[Eight Cousins by Louisa M. Alcott]@TWC D-Link bookEight Cousins CHAPTER 14--A Happy Birthday 8/13
He prescribed one pellet with an unpronounceable name, and left after demanding twenty dollars for his brief visit. The pellet was administered, and such awful agonies immediately set in that the distracted mamma bade a sympathetic neighbour run for Mother Know-all.
The neighbour ran, and in came a brisk little old lady in cap and specs, with a bundle of herbs under her arm, which she at once applied in all sorts of funny ways, explaining their virtues as she clapped a plantain poultice here, put a pounded catnip plaster there, or tied a couple of mullein leaves round the sufferer's throat.
Instant relief ensued, the dying child sat up and demanded baked beans.

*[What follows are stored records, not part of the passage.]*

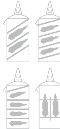
Typical partition layouts of HB510XL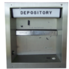
Mosler – C77- ER Replace With: N/A Kit: N/A Instructions: N/A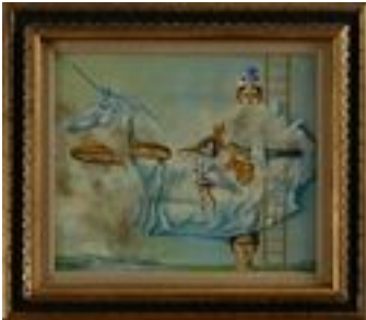
Lot #152: JEAN-PIERRE CLEMENT (b. 1943): "L'ENIGME"

Oil on canvas, 18 x 21 1/2 in., signed, titled and dated '65.

The grateful parent offered fifty dollars; but Mother Know-all indignantly refused it and went smiling away, declaring that a neighbourly turn needed no reward, and a doctor's fee was all a humbug. The audience were in fits of laughter over this scene, for Rose imitated Mrs.Atkinson capitally, and the herb cure was a good hit at the excellent lady's belief that "yarbs" would save mankind if properly applied.
No one enjoyed it more than herself, and the saucy children prepared for the grand finale in high feather. This closing scene was brief but striking, for two trains of cars whizzed in from opposite sides, met with a terrible collision in the middle of the stage, and a general smash-up completed the word catastrophe. "Now let us act a proverb.